Skip to content

∞ Post Process Documents

Documentation

  • Class name: LLMPostProcessDocuments
  • Category: SALT/Language Toolkit/Tools
  • Output node: False

This node is designed to refine and filter a collection of documents based on specified keywords. It allows for the inclusion of documents containing certain required keywords while excluding those with specified unwanted keywords, effectively tailoring the document set to more closely match user-defined criteria.

Input types

Required

  • document
    • Represents the collection of documents to be processed. It is the primary data upon which the node operates, determining which documents are retained based on the presence or absence of specified keywords.
    • Comfy dtype: DOCUMENT
    • Python dtype: List[Document]

Optional

  • required_keywords
    • A comma-separated list of keywords that must be present in a document for it to be included in the output. This parameter enables the filtering of documents to those that are relevant to specific criteria.
    • Comfy dtype: STRING
    • Python dtype: str
  • exclude_keywords
    • A comma-separated list of keywords that, if present in a document, will result in its exclusion from the output. This parameter helps in removing documents that contain undesired content.
    • Comfy dtype: STRING
    • Python dtype: str

Output types

  • documents
    • Comfy dtype: DOCUMENT
    • The filtered collection of documents, which have been processed to include only those matching the required keywords and exclude those with any of the excluded keywords.
    • Python dtype: List[Document]

Usage tips

  • Infra type: CPU
  • Common nodes: unknown

Source code

class LLMPostProcessDocuments:
    @classmethod
    def INPUT_TYPES(cls):
        return {
            "required": {
                "document": ("DOCUMENT",),
            },
            "optional": {
                "required_keywords": ("STRING", {}),
                "exclude_keywords": ("STRING", {}),
            },
        }

    RETURN_TYPES = ("DOCUMENT",)
    RETURN_NAMES = ("documents",)

    FUNCTION = "process_documents"
    CATEGORY = f"{MENU_NAME}/{SUB_MENU_NAME}/Tools"

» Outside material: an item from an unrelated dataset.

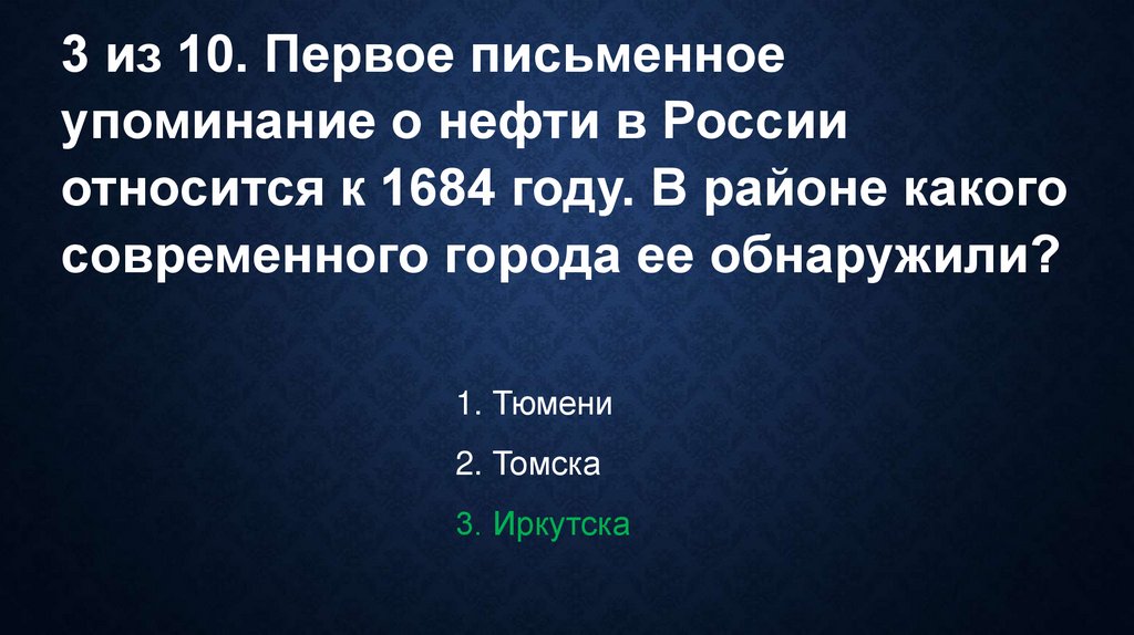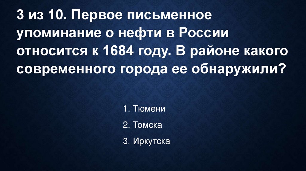 3 из 10. Первое письменноеупоминание о нефти в России
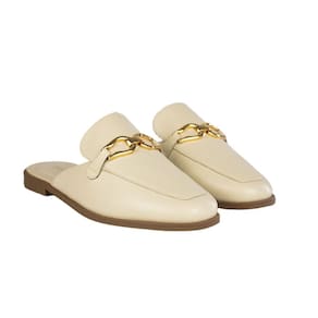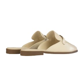 O modelo tem salto rasteiro e bico redondo. Fechada, traz recorte lateral na gáspea e aplicação de bridão metálico sobre o cabedal. Deixa o calcanhar à mostra.

    def process_documents(self, document, required_keywords=[], exclude_keywords=[]):

        if required_keywords.strip():
            required = [ext.strip() for ext in required_keywords.split(",") if ext.strip()]
        else:
            required = None

        if exclude_keywords.strip():
            excluded = [pattern.strip() for pattern in exclude_keywords.split(",") if pattern.strip()]
        else:
            excluded = None

        if required or excluded:
            document = [doc for doc in document if not set(required).isdisjoint(doc.keywords) and set(excluded).isdisjoint(doc.keywords)]

        return (document,)